## YOUR ASSIGNMENT
Below are the entries. Print only the lines starting at the one with "据@当涂发布,2月28日,当" and ending at the one with "Материал: КОРПУС WALNUT", exactly, with no pictures.
─── INPUT RECORDS ───
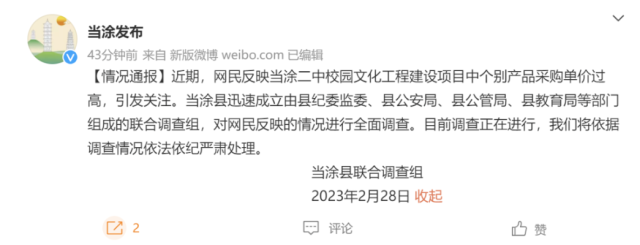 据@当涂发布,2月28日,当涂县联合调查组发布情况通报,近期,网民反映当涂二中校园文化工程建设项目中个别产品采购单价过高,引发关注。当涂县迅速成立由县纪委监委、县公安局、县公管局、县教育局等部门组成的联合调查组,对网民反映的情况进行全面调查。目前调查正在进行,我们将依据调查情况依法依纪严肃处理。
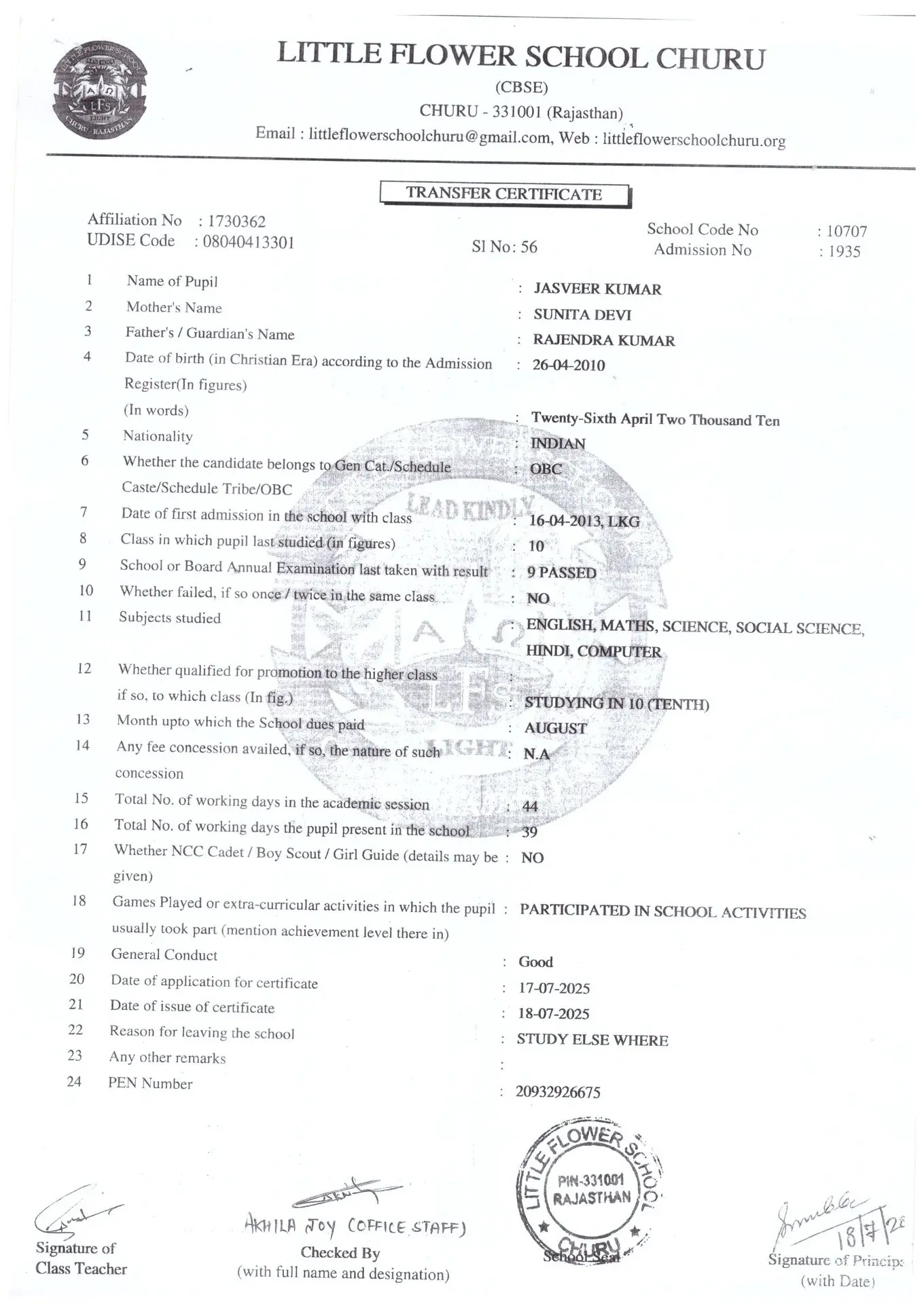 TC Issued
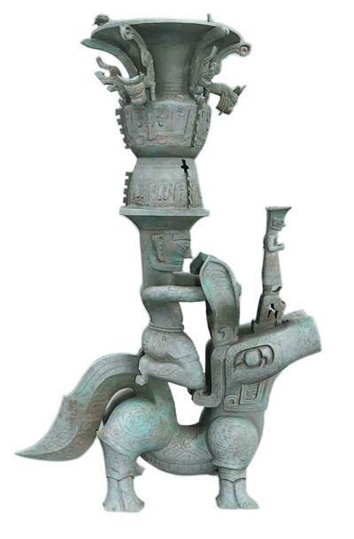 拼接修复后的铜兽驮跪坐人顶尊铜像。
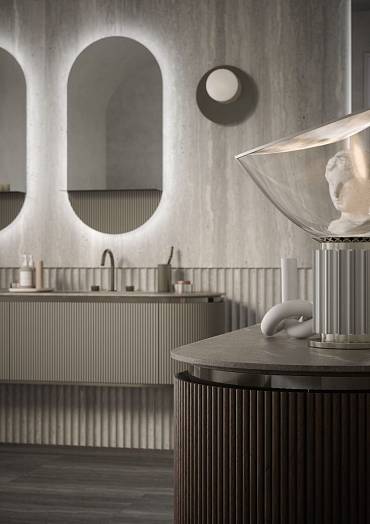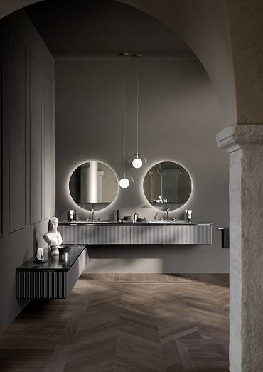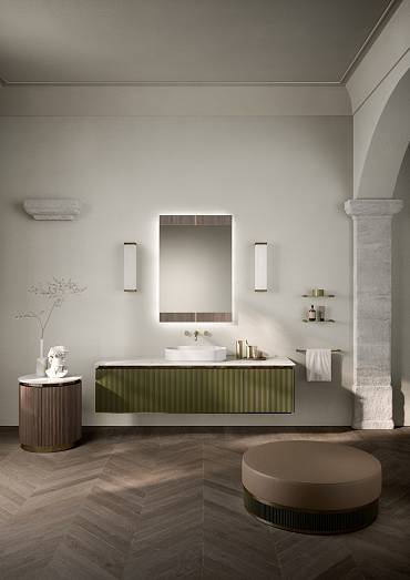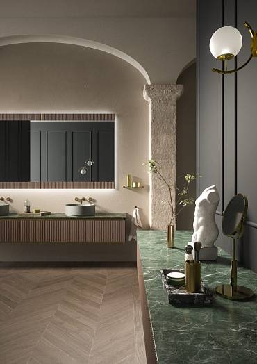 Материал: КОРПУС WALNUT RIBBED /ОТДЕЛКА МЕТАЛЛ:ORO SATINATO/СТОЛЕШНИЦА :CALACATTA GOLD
───
─── INPUT RECORDS ───
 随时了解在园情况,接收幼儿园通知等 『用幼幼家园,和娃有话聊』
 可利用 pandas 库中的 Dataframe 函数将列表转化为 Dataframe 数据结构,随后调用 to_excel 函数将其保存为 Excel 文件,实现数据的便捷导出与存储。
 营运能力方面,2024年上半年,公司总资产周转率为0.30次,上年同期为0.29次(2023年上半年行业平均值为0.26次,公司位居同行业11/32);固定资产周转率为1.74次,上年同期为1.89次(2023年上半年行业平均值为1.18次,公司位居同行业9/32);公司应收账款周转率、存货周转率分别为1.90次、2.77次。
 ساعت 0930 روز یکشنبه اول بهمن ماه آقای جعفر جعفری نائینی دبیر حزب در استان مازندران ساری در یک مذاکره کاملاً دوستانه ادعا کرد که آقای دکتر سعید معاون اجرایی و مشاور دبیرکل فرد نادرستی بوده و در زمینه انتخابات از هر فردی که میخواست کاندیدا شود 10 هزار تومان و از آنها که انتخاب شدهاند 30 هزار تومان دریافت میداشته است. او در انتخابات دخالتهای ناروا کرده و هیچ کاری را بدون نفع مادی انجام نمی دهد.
───
─── INPUT RECORDS ───
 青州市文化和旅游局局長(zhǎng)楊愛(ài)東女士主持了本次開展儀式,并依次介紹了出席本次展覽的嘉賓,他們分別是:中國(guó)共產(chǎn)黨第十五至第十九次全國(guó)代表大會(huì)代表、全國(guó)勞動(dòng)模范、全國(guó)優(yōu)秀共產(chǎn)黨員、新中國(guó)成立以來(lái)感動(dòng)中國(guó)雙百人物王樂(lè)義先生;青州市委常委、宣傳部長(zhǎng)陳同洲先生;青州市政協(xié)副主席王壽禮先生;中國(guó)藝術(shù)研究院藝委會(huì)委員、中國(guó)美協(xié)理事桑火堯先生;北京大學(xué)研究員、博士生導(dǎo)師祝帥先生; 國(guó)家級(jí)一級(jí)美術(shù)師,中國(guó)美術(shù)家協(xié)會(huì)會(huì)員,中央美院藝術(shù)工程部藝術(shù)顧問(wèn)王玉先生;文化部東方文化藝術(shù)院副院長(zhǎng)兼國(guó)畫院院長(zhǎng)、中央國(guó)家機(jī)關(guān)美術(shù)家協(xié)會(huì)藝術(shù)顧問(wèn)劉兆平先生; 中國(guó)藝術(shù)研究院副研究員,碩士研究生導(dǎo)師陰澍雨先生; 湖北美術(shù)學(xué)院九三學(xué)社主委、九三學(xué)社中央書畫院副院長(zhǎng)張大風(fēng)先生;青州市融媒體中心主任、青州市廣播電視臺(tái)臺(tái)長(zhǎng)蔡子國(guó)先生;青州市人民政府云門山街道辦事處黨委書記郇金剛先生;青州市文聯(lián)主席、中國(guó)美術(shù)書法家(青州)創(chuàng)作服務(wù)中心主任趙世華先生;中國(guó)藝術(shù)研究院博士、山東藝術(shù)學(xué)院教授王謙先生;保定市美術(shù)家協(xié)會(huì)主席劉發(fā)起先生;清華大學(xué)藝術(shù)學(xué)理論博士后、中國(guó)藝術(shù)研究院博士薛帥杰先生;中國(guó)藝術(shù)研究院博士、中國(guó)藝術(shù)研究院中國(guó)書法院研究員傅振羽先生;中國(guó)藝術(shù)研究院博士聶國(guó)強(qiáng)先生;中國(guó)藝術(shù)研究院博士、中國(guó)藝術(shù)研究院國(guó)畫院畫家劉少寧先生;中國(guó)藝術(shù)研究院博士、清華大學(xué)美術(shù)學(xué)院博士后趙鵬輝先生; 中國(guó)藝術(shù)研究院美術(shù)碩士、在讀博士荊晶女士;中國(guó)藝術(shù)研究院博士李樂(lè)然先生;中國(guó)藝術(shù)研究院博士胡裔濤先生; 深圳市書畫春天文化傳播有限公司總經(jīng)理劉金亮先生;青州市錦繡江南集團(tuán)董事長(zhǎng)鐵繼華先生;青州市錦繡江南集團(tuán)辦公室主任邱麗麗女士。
───
## REPLY TO THE TASK
 据@当涂发布,2月28日,当涂县联合调查组发布情况通报,近期,网民反映当涂二中校园文化工程建设项目中个别产品采购单价过高,引发关注。当涂县迅速成立由县纪委监委、县公安局、县公管局、县教育局等部门组成的联合调查组,对网民反映的情况进行全面调查。目前调查正在进行,我们将依据调查情况依法依纪严肃处理。
 TC Issued
 拼接修复后的铜兽驮跪坐人顶尊铜像。
 Материал: КОРПУС WALNUT RIBBED /ОТДЕЛКА МЕТАЛЛ:ORO SATINATO/СТОЛЕШНИЦА :CALACATTA GOLD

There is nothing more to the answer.